Perfect, now that we have 100 posts of each of the CEOs, we can classify them using out LLM.

vLLM server

The trick to using multiple GPUs will be that we run multiple vLLM servers on multiple GPUs and send requests to the different GPUs from one central python instance.

So lets start the vLLM servers first (I will assume that you have at least 2 GPUs to run vLLM on, but even with one you can follow along)

CUDA_VISIBLE_DEVICES=0
vllm serve /path/to/your/models/mistral-7b-instruct \
    --port 8000 \
    --gpu-memory-utilization 0.9 \
    --max-model-len 32768 \
    --dtype auto \
    --api-key "1234" \
    --served-model-name "mistral" &

CUDA_VISIBLE_DEVICES=1
vllm serve /path/to/your/models/mistral-7b-instruct \
    --port 8001 \
    --gpu-memory-utilization 0.9 \
    --max-model-len 32768 \
    --dtype auto \
    --api-key "1234" \
    --served-model-name "mistral" &

This will start two vLLM servers, one on the first GPU (0) and port (8000) and one on GPU 1 with port 8001. Wait for the servers to be ready before continuing.

Scoring the posts

We will score each csv file separately on a different GPU. We will also use a separate CPU process to send the requests to the vLLM server using pythons multiprocessing. So lets write the function that will do the actual inference:

BASE_PROMPT = """
<instructions>
Consider the following comment. Please determine the sentiment of the text. Choose one of three labels: positive, negative, neutral.
<\instructions>

<format>
Reply only with the labelas a string.
<\format>

<comment>

<\comment>
"""

ALLOWED_LABELS = ['positive','negative','neutral']

MODEL_NAME = "mistral"

def infer(client, text):
    prompt = BASE_PROMPT.replace("",text)
    resp = client.chat.completions.create(
        model=MODEL_NAME,
        messages=[{"role": "user", "content": prompt}],
        max_tokens=2,
        temperature=0.0,
        extra_body={"guided_choice": ALLOWED_LABELS},
    )
    return resp.choices[0].message.content.strip()
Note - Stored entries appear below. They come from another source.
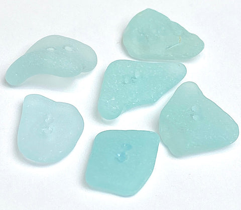 Tumbled for years in the ocean, sea glass discovered on the beach and made into buttons. Soft edges, different natural shapes and sizes, translucent, smooth, with frosty patinas from sea water, waves and friction. Two holes about 1.5mm. You'll receive the exact six buttons shown. The last photo shows the other side. Found and drilled in the US.
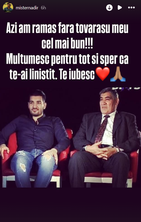„Azi am rămas fără tovarășul meu cel mai bun! Mulțumesc pentru tot și sper că te-ai liniștit. Te iubesc!”, a scris Nadir pe Instagram.
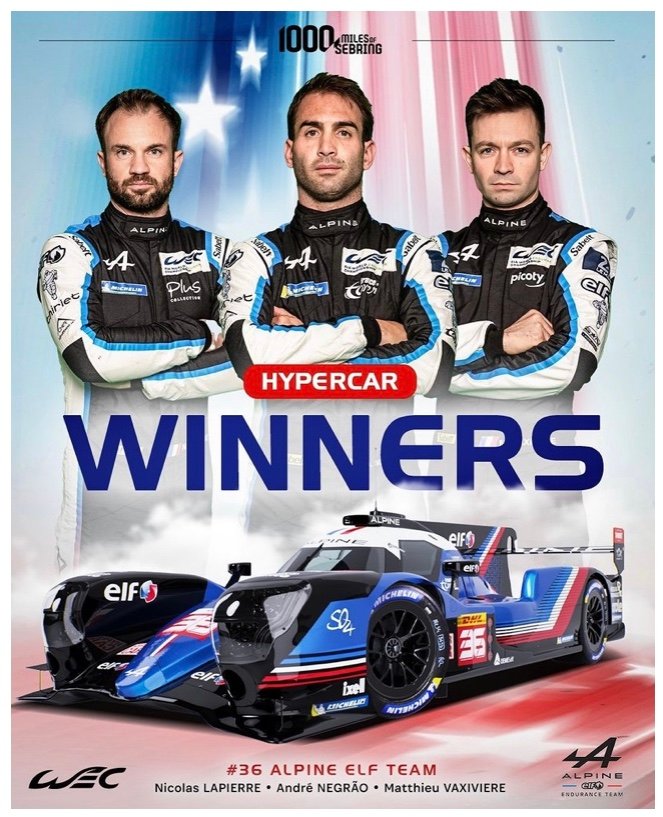 À l’issue du week-end, le staff Alpine analysera toutes les données récoltées avant de se plonger dans une semaine célébrant véritablement le sport automobile nord-américain, les 1000 Miles de Sebring première manche du WEC et les 12 Heures de Sebring, seconde course du Chamonnat d’endurance US de l’IMSA, partageant l’affiche de l’événement.

The infer function takes an OpenAI client and a comment as input. We then send a request to the chat completions endpoint, only allowing ALLOWED_LABELS as responses (guided_choice). Set the temperature to 0 for reproducability.
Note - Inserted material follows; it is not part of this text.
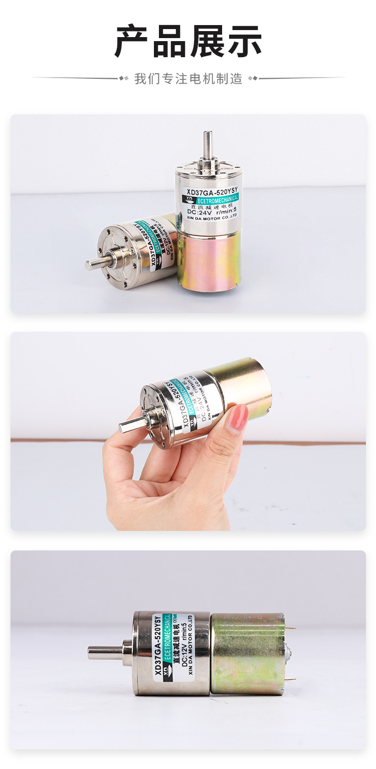 Xinda 공장 37GA520 DC 모터 12V24 볼트 조정 가능한 속도 전진 및 후진 기어 감속 마이크로 소형 모터스토어 가기

Next, we want to call this function from our workers:

import os
def worker(gpu_id,port,filepath):
    os.environ["CUDA_VISIBLE_DEVICES"] = str(gpu_idx)
    base_url = f"http://localhost:{port}"
    client = OpenAI(base_url=f"{base_url}/v1", api_key="1234")
    df = pd.read_csv(filepath,sep=";",quoting=2)
    df['sentiment'] = df.apply(lambda x: infer(client,x['body']))
    df.to_csv(filepath)

This worker function simply loads the csv file and applies the infer function to each row of the dataset. Finally it saves the results.

Let’s run the worker function for the two files:

from multiprocessing import Process
def main():
    files = ["spez.csv","kn0thing.csv"]
    procs = []
    gpus = [0,1]
    ports = [8000,8001]
    for i in range(2):
        p = Process(
            target=worker,
            args=(gpus[i],ports[i],files[i])
        )
        p.start()
        procs.append(p)
    for p in procs:
        p.join()

Now we can run all by just calling main().

The results

Let’s take a look at the results. Who was the more “positive” reddit CEO?

The figure shows the number of posts by sentiment and CEO that we created with our LLM.

It seems that boh CEOs are mostly positive in the sentiment of their posts. We can also check how sentiment correlates with difference between the up and downvotes (score):

The figure shows a binscatter for the average sentiment each bin and the average sentiment score.

Intersting. The up and downvote score correlates with positive sentiment (at least or Reddit CEOs).